Fla. Dep’t of Corr., 828 F.3d 1277, 1285 (11th Cir. 2016). The state court need not issue a written opinion explaining its rationale in order for the state court’s decision to qualify as an adjudication on the merits. See Harrington v. Richter, 562 U.S. 86, 100 (2011). Where the state court’s adjudication on the merits is

unaccompanied by an explanation, the United States Supreme Court has instructed: [T]he federal court should “look through” the unexplained decision to the last related state-court decision that does provide a relevant rationale. It should then presume that the unexplained decision adopted the same reasoning.

Wilson v. Sellers, 584 U.S. 122, 125 (2018). The presumption may be rebutted by showing that the higher state court’s adjudication most likely relied on different grounds than the lower state court’s reasoned decision, such as persuasive alternative grounds that were briefed or argued to the higher court or obvious in the record it reviewed.
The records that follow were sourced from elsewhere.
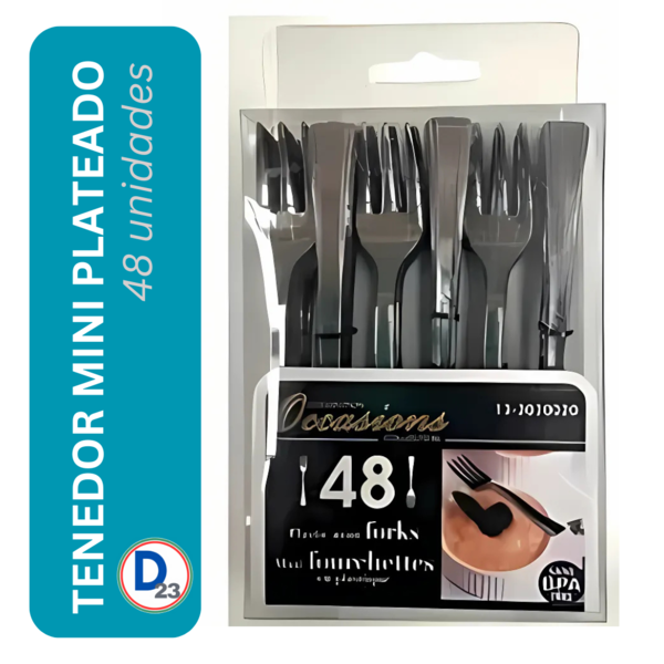 TENEDOR MINI PLATEADO 48 UNID (50662)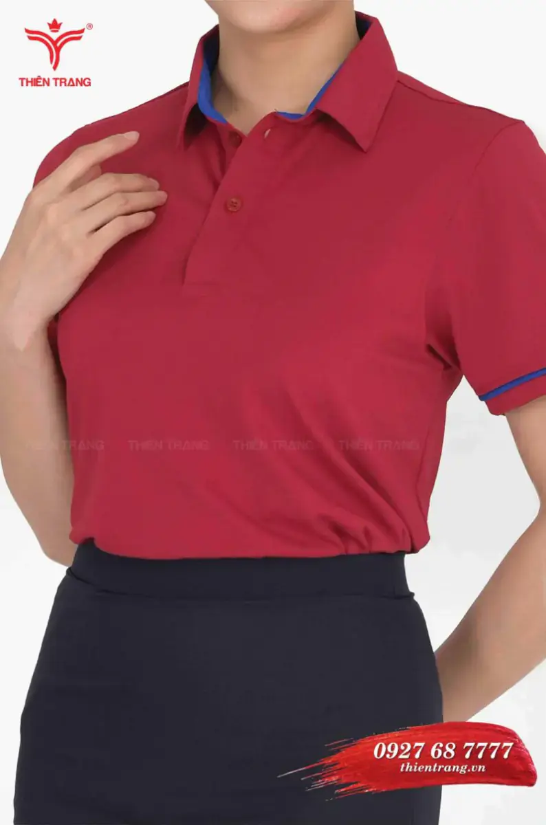 Áo thun công sở nữ TTDNGATDNWM7 màu đỏ là mẫu áo thun đồng phục nữ màu đỏ kết hợp với chân váy ngắn đen giúp tạo nên một bộ đồng phục áo thun có màu sắc nhẹ nhàng và thanh lịch.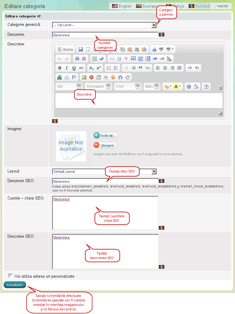 . Se va deschide pagina 'Editare categorie' . - Puteţi edita oricare din aceste câmpuri.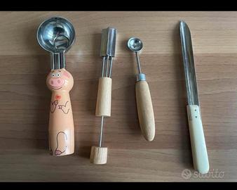 1 porzionatore da gelato 1 decoro torte 1 porzionatore piccole palline ( melone ecc) 1 cavatorsoli 1 gira crêpes 1 set insalata 1 paletta taglia formaggio 1 accessorio taglia formaggio 1 pinza 1 pinza a molla 1 imbuto per estrarre succo limone Prezzo cad. da 2 euro, acquisto minimo 3 pezzi Prezzo intero lotto di 11 pezzi euro 15

Id. at 1192, 1196. If the claim was “adjudicated on the merits” in state court, § 2254(d) bars relitigation of the claim unless the state court’s decision (1) “was contrary to, or involved an unreasonable application of, clearly established Federal law, as determined by the Supreme Court of the United States;” or (2) “was based on an unreasonable determination of the facts in light of the evidence presented in the State court proceeding.” 28 U.S.C.